Was Erbsen hören und wofür Kühe um die Wette laufen
Erbsen hören das Rauschen von Wasser. Ihre Wurzeln wachsen gezielt auf eine Wasserquelle hin. Andere Pflanzen reagieren ebenfalls auf bestimmte Töne, sie wachsen zum Beispiel schneller oder sind besser gegen Dürreperioden gewappnet. Wie ist das möglich? Pflanzen haben doch keine Ohren?
Pflanzen haben noch viel mehr verblüffende Talente. Eine Forscherin in Berlin untersucht zum Beispiel, wie eine Ulme ihren Frassfeind erkennt, lange bevor dieser sie attackiert. Doch woran erkennt die Ulme ihren zukünftigen Widersacher? Oder dies: Unter dem Boden bilden Buchen, Eschen, Föhren oder Eichen mit vielen verschiedenen Pilzarten eine grosse Lebensgemeinschaft: Sie tauschen untereinander Nährstoffe und sogar Informationen aus. In einem Wald bei Basel spazierten wir mit einer Forscherin über dieses umfangreiche unterirdische Netzsystem aus Wurzeln und Pilzen, das Wood Wide Web (WWW). Was bringt diese Gemeinschaft den WG-Mitgliedern und was kostet sie den einzelnen?
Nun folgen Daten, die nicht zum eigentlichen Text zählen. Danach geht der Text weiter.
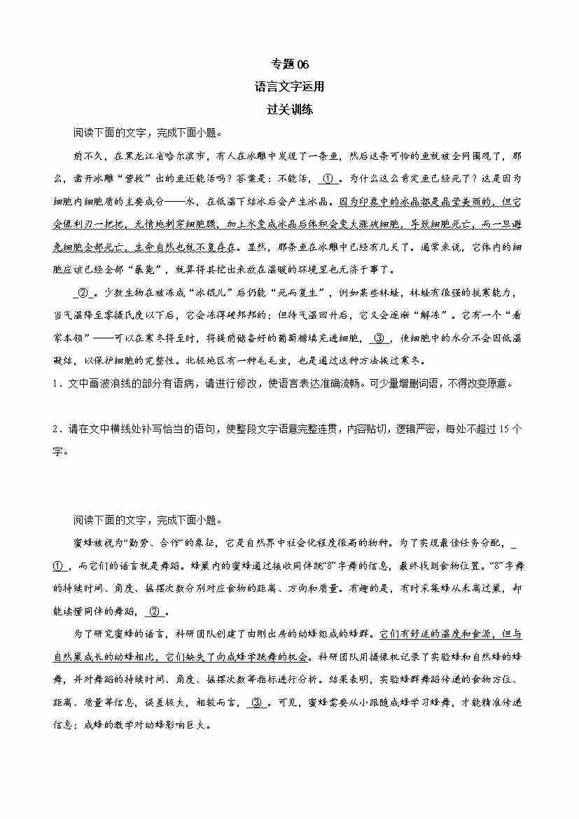 期末专题06 语言文字运用(过关训练)-高一语文下学期期中期(统编版必修下册)学生版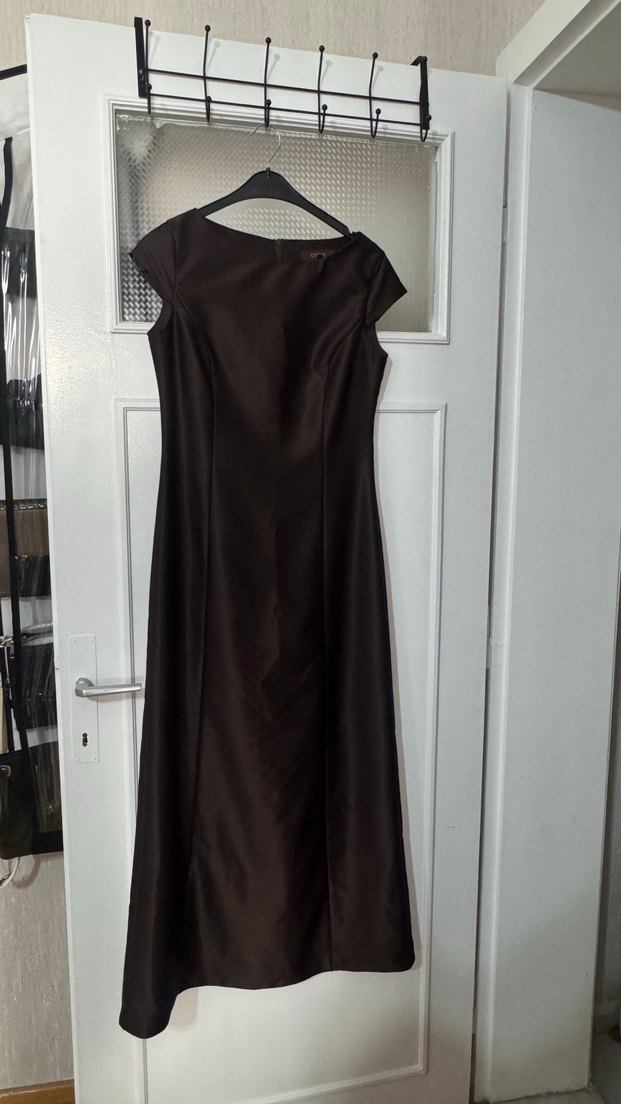 Kahverengi uzun abiye elbise, drapeli tasarım ve kayık yaka ile klasik şıklık sunar. Kolsuz ve vücuda oturan kesime sahiptir. Fermuar kısmında azıcık sökülme oldu

Auch die Beziehungsnetze von Tieren beeindrucken uns. Die Kuh, sagt uns ein Forscher, den wir auf einer Alp besuchen, hat eine starke Verbindung zu ihrer Umgebung und wählt ihr Menü in der Weide selber – wenn man sie lässt. Dabei zeigen sich individuelle Vorlieben: die eine bevorzugt Klee, die andere die Blüten des Sauerampfers. Ermöglicht der offenbar ausgeprägte Geschmacksinn den Tieren vielleicht jene intensiven Erlebnisse, die uns Menschen das Sehen und Hören geben? Falls ja, was verwehren wir den Kühen, wenn wir ihnen tagein tagaus den gleichen Einheitsbrei vorsetzen? Auch der Regenwurm ist ein Gourmet. Ohne den unter Tag arbeitenden Netzwerker gäbe es keine fruchtbaren Böden. Schon Charles Darwin, der den Regenwurm jahrzehntelang beobachtete, war von den Leistungen dieses scheuen Tiers tief gerührt.
Das ökologisch geprägte Weltbild beruht darauf, dass alles mit allem irgendwie vernetzt ist. In den letzten Jahren haben wir neue und faszinierende Einblicke in die unendlich komplexen und dynamischen Netzwerke bekommen, die das Leben ausmachen. Dieses Buch ist eine Fortsetzung der früheren Bücher. Es berichtet von Entdeckungen, die vor einigen Jahren noch als unmöglich galten.
Was aber bringt das Wissen, dass wir alle – Pflanze, Tier und Mensch – in koevolutionäre Prozesse eingebunden und in gegenseitigen Abhängigkeiten verstrickt sind? Was bedeutet dies konkret für die Landwirtschaft oder für uns Konsumentinnen und Konsumenten?
Weiter wie bisher ist keine Option. Dass die industrielle Landwirtschaft an ihre Grenzen stösst, zeigt sich besonders deutlich an der Massentierhaltung. Eine Richtungsänderung tut not. Doch dürfen wir Tiere überhaupt töten? Die beiden Autorinnen sind unterschiedlicher Meinung und legen ihre Sichtweisen dar.
Mit der Frage, wie eine Landwirtschaft von morgen aussehen könnte, reisten wir an die Loire in Frankreich und besuchten eine Mikrofarm, die eine immense Vielfalt an Gemüse, Obst und Kräutern auf kleinstem Raum anbaut, ökologisch – und rentabel. Sind vielleicht Mikrofarmen – statt Grossbetriebe – die Bauernhöfe der Zukunft? In Südkorea besuchten wir Hansalim, das weltweit grösste und erfolgreichste System einer solidarischen Landwirtschaft. Und von einem Schweizer Bauern wollten wir wissen, warum Hörner für Kühe so wichtig sind.
Ein renommierter Schweizer Ökonomieprofessor erklärt, was er vom derzeit umstrittenen Freihandel für Lebensmittel hält und zum Nachtisch erzählt eine buddhistische Nonne in Südkorea, die uns in die Köstlichkeiten der über tausend Jahre alten veganen Küche einführt, was sie mit der Aubergine verbindet.
Beziehungen, das zeigen diese Einblicke, sind der Boden von allem Lebendigen. Darin liegt die Zukunft, auch jene der Landwirtschaft.